Royalty Free Agreement, Standard

This is a license agreement between you and SKYTIMELAPSE, the sole proprietorship of Timothy Kronberger (U.S. citizen),  that explains how you can use video clips that you license from SKYTIMELAPSE. By checking the box on the order page (not shown here) that indicates you have read and accepted this agreement, you accept the terms of this agreement and agree to its allowed uses and restrictions under a standard license:

  1. What types of licenses does SKYTIMELAPSE offer?
    SKYTIMELAPSE offers two types of licenses: standard and extended. Every file downloaded from SKYTIMELAPSE comes with a standard license. Elevated licenses allow for more resale of certain categories of items. Elevated licenses are available by checkout, but not to the public person without an account with SKYTIMELAPSE.
  2. You may download watermarked content from the SKYTIMELAPSE site on a complimentary basis for test or sample layout (composite) use only. You may request RAW proofs from Tim here.
  3. How can I use licensed content?
    You may use content in any way that is not restricted (see Restricted Uses below). Subject to those restrictions and the rest of the terms of this agreement, the rights granted to you by SKYTIMELAPSE are:
    1. Perpetual, meaning there is no expiration or end date on your rights to use the content downloaded during your agreement.
    2. Non-exclusive, meaning that you do not have exclusive rights to use the content. SKYTIMELAPSE can license the same content to other customers.
    3. Worldwide, meaning content can be used in any geographic territory.
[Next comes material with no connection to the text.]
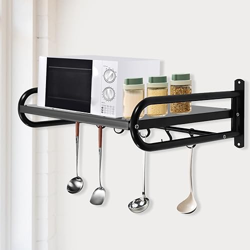 Chensyo Support pour Four à Micro-Ondes avec 6 Crochets EtagèRe Murale Capacité De Charge Maximale 30 pour Tous Types D'Objets Adapté à La Cuisine Salle De Bains (Noir)

    4. Unlimited, meaning you can use the content in an unlimited number of projects and in any media.
  4. For purposes of this agreement, “use” means to copy, reproduce, modify, edit, synchronize, perform, display, broadcast, publish, or otherwise make use of.
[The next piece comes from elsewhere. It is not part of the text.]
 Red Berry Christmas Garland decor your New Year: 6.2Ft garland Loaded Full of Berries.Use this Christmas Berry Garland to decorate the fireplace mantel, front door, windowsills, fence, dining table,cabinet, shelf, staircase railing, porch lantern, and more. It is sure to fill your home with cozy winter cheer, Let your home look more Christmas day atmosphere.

  5. Examples of how you can use licensed content include: websites; blog posts; social media; advertisements; marketing campaigns; corporate presentations; newspapers; magazines; books; film and television productions; web and mobile applications; product packaging.
    Please make sure you read the Restricted Uses section below for exceptions.
  6. Restricted Uses for both standard and elevated:
    1. No Unlawful Use. You may not use content in an unlawful manner, or in violation of any applicable regulations or industry codes.
    1. No Standalone File Use. You may not use content in any way that allows others to download, extract, or redistribute content as a standalone file (meaning just the content file itself, separate from the project or end use).
    2. No Use in Trademark or Logo. Unless you purchase a custom license, you may not use content (in whole or in part) as the distinctive or distinguishing feature of a trademark, design mark, tradename, business name, service mark, or logo. Additionally, you shall not be entitled to register (in any jurisdiction) such content (in whole or in part) as a trademark or rely on any such registrations, prior use, and/or accrued goodwill to prevent any third party use of the content or any similar content (including by us, our customers, or the copyright owner of such content).
    3. No False Representation. You may not falsely represent that you are the original creator of an end use that is made up largely of licensed content. For instance, you cannot create a painting based solely on licensed content and claim that you are the author.
    4. No malicious purpose. Additionally, you may not use this footage in a project that is intended to defame or smear anyone, or spread unsubstantiated claims. This may not fully define all malicious purposes, however no malicious purpose is allowed.
    5. No Use in Trademark or Logo. You may not incorporate any footage into a logo, trademark or service mark.
      Restricted Uses – unless extended license purchased. Extended licenses are only available for purchase with sale on a file by file basis.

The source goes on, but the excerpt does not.